* PROVIDED MATERIAL:
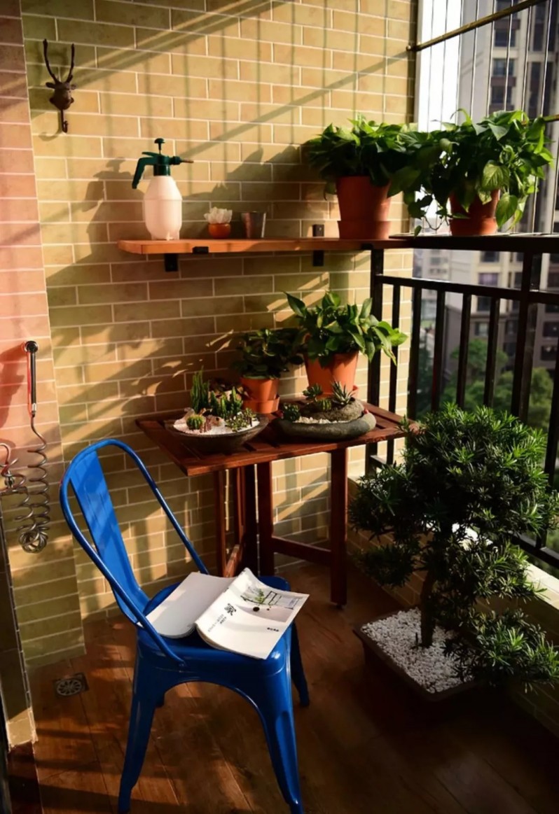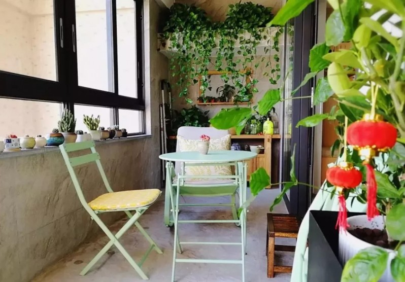 如果阳台面积允许,那么多一些不同种类的盆栽来点缀阳台,这样的空间氛围也是相当的不错的。
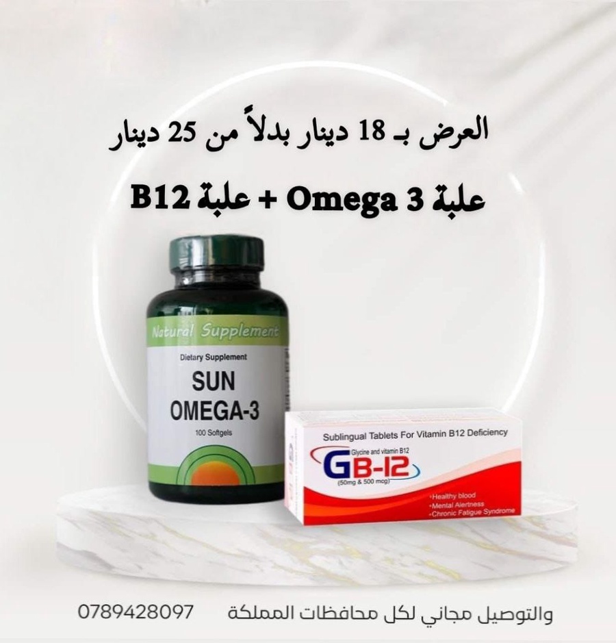 عرض مميز: علبة أوميغا 3 + علبة B12 لدعم صحة القلب والأعصاب والطاقة والمناعة بطريقة آمنة.
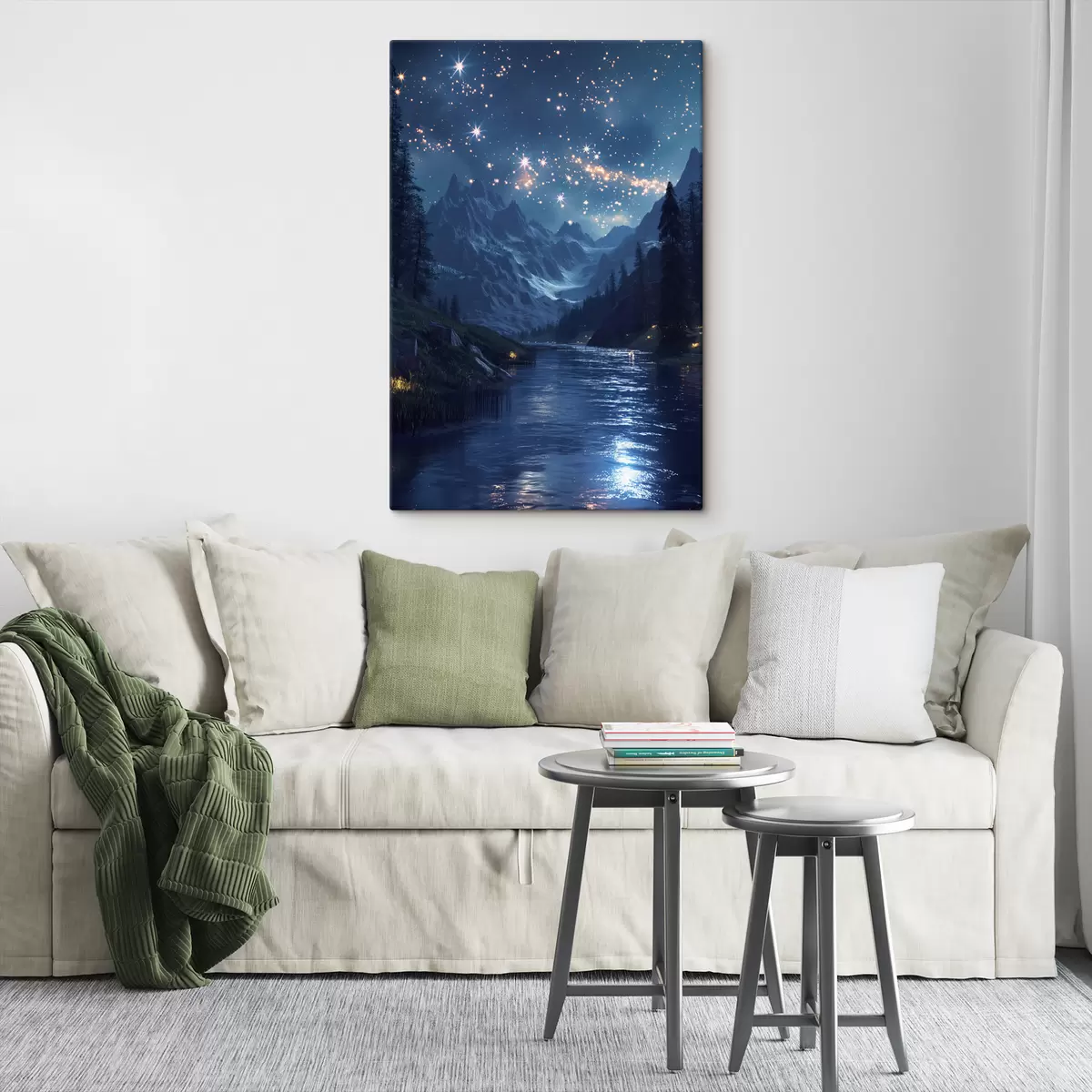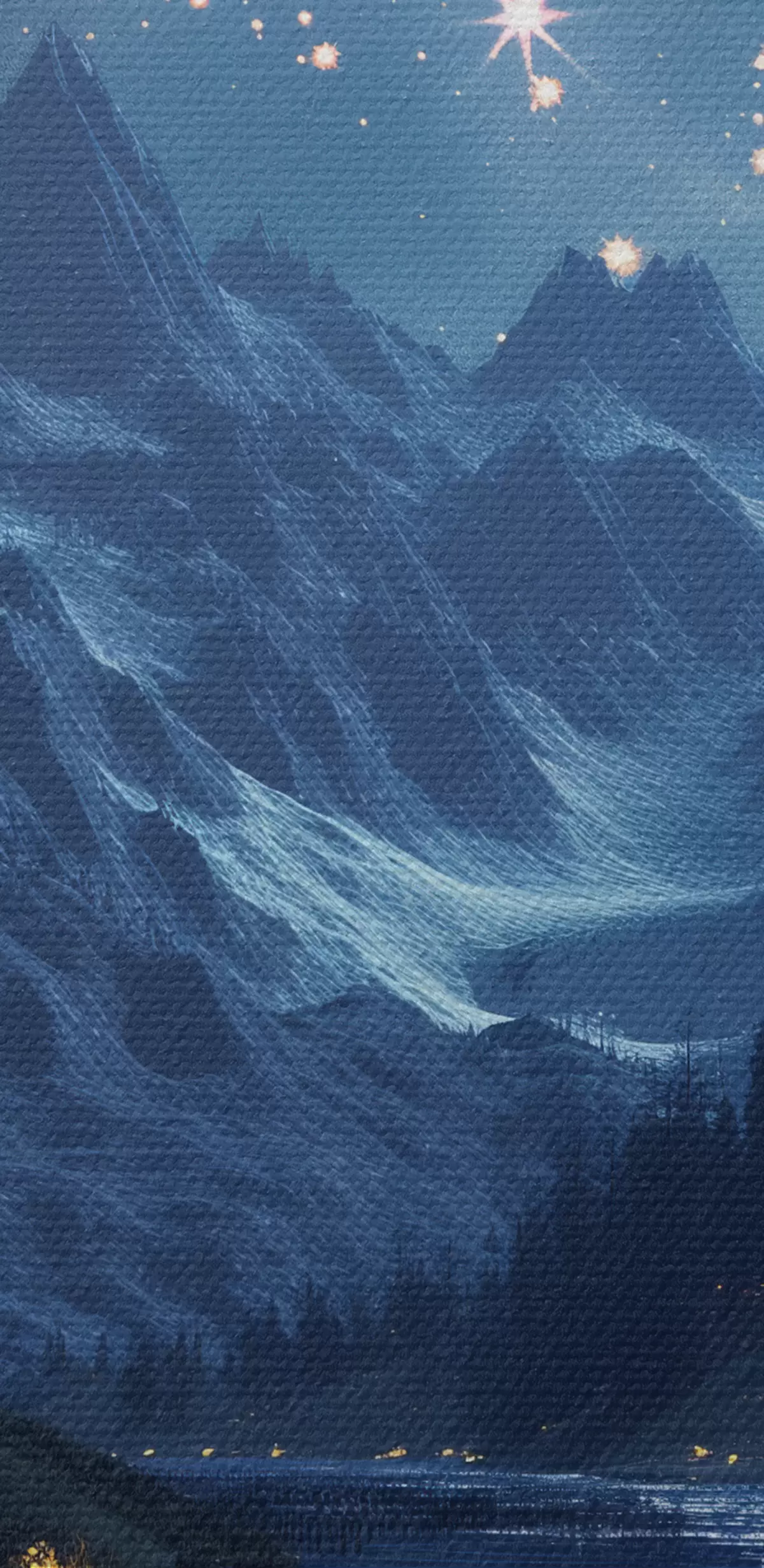 Je kunt het schilderij ophangen aan schroeven. Hiervoor leveren we bevestigingen bij onze foto's, zodat je de foto gemakkelijk kunt ophangen.

* ASSIGNED TASK:
What you give back should be exactly the lines from the line holding "عرض مميز: علبة" through the final line of the material, both ends included, and please leave out the pictures.

* FINISHED EXERCISE:
 عرض مميز: علبة أوميغا 3 + علبة B12 لدعم صحة القلب والأعصاب والطاقة والمناعة بطريقة آمنة.
 Je kunt het schilderij ophangen aan schroeven. Hiervoor leveren we bevestigingen bij onze foto's, zodat je de foto gemakkelijk kunt ophangen.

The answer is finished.